In conclusion, what you need to remember is that old CRT monitors were non linear. The relationship between the pixel value and the brightness on the screen follows a power curve which exponent is roughly around 1/2.35 to 1/2.5. To compensate we had to apply a gamma a 2.35 to 2.5 gamma correction to the image. Nowadays we don't use CRT monitors anymore; they are replaced by display technologies (LCD, LED) which are linear. However (and this is the reason the sRGB color space was invented) we still decided to apply a 1/2.2 gamma encoding to the image data to maximize the number of lower values we could encode in 8 bits RGB images. To display these images linearly, a 2.2 gamma correction is applied to the screen (no matter which device technology you use which is likely to be these days a screen which can display pixel values linearly). End of story. The main misconception regarding this whole 2.2 gamma topic is that, it is necessary to correct the non-linearity of your screen. If it used to be true in the old days, it is not true today as displays are now linear. Screens only apply a 2.2 gamma correction to "remove" the gamma encoding applied to 8 bits RGB images.

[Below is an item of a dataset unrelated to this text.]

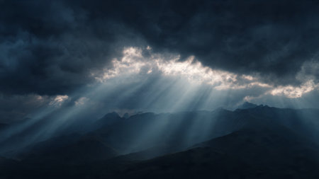 Sun rays shining through dark clouds in the mountains. Dramatic sky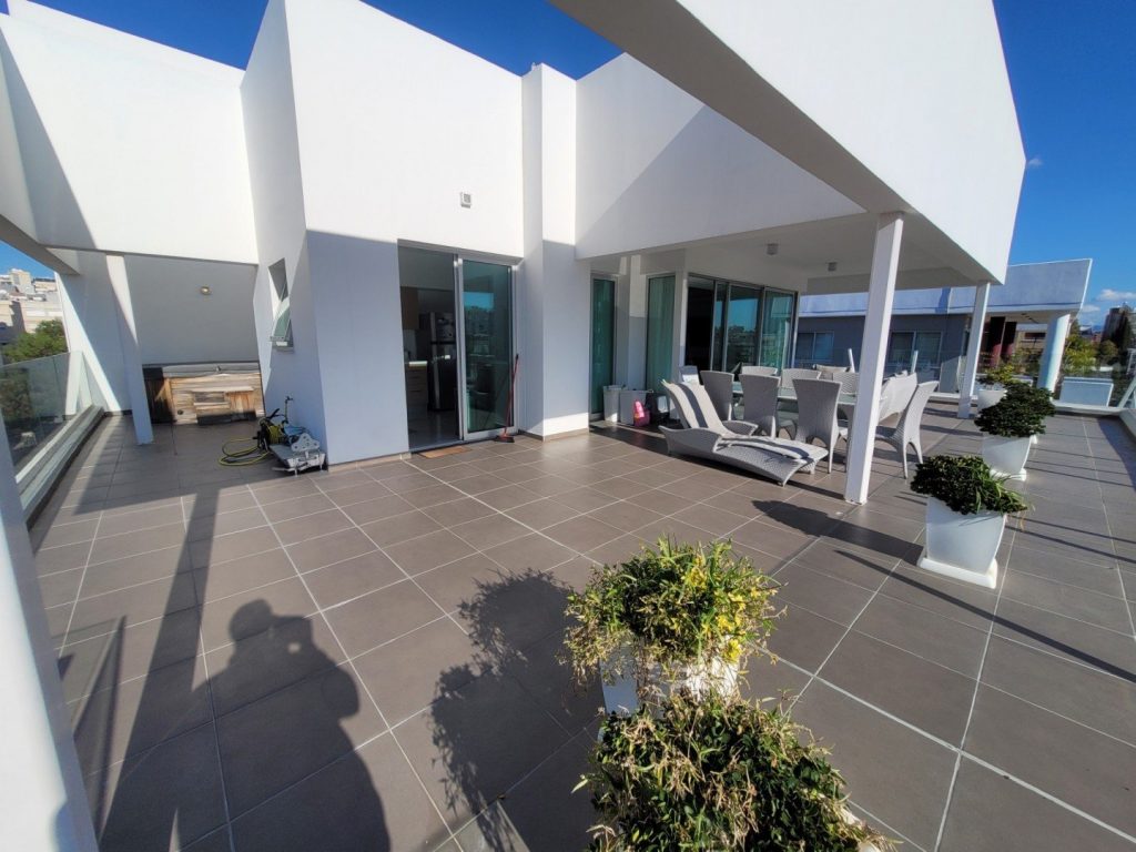 We are happy to present you this luxury, modern design, 3 bedroom penthouse, located in Neapoli area just few meters away from the beach. This beautiful well maintained apartment is situated on the top floor of a 4 storey building, and only ten years old.  Property owns the whole fourth floor.  It has internal area 115sqm, 36sqm covered veranda and another 80sqm uncovered veranda. The apartment has a nice open plan kitchen with living room and dining area, both facing the nice huge veranda with windows, guest wc, main bathroom, master bedroom en suit with toilet and shower and another two big size bedrooms. Outside on the huge veranda there is much space for barbecue area and there is also a Jaccuzzi . From the big veranda you have partial sea view, mountain and city view. This lovely apartment which is in excellent condition, is equipped with ac units throughout, energy saving heating system, automatic blinds, led spotlights, covered parking and a storage room. The apartment has a clear title deed and is ready for transfer to the new owner.

This gamma encoding is only necessary for image formats saving data using 8 bits per pixel per channel. Gamma encoding is not necessary for file formats saving pixel values using 16 (half float) or 32 bits (float) per pixel per channel (you will find more details on this topic in the next chapter) as they provide enough numerical precision to store all the nuances of tones we need. Even though we could use these formats instead, they use more disk space and more bandwidth when transferred on the internet, and for these reasons, 8 bits file formats such as JPEG, PNG, TGA, etc. are still the standard for storing images (this apply to video images as well). If you work in the graphics industry though, it is likely that you already use 16 or 32 bits file format such as TIFF, OpenEXR, HDR, RAW, in which case it is important that you don't forget to remove the 2.2 screen gamma correction in order to watch these images in linear.

The sRGB Color Space

The sRGB color space was an attempt from Microsoft and HP (in 1996 ) to come up with a way of standardising the encoding of pixel values in 8 bits RGB images. The format enforces the use of a gamma 1/2.2 (technically the exponent is actually 2.4). Encoding the gamma was originally motivated by the necessity of compensating for the CRT non-linearity but is now justified for the reasons we have mentioned above (we can encode more data in the lower tones). In a future version of this document we will provide more information on this color space (the technical specifications of the format are are easy to find on the web). We have only mention it here because most of the images you are looking or downloading from the web are probably encoded using this format. Remember though that 3D engines work in linear color space so if you intend to use an sRGB image as a texture source or if you pick up colors from the image you will need to "linearise" the image first (aka apply a 2.2 gamma correction to image).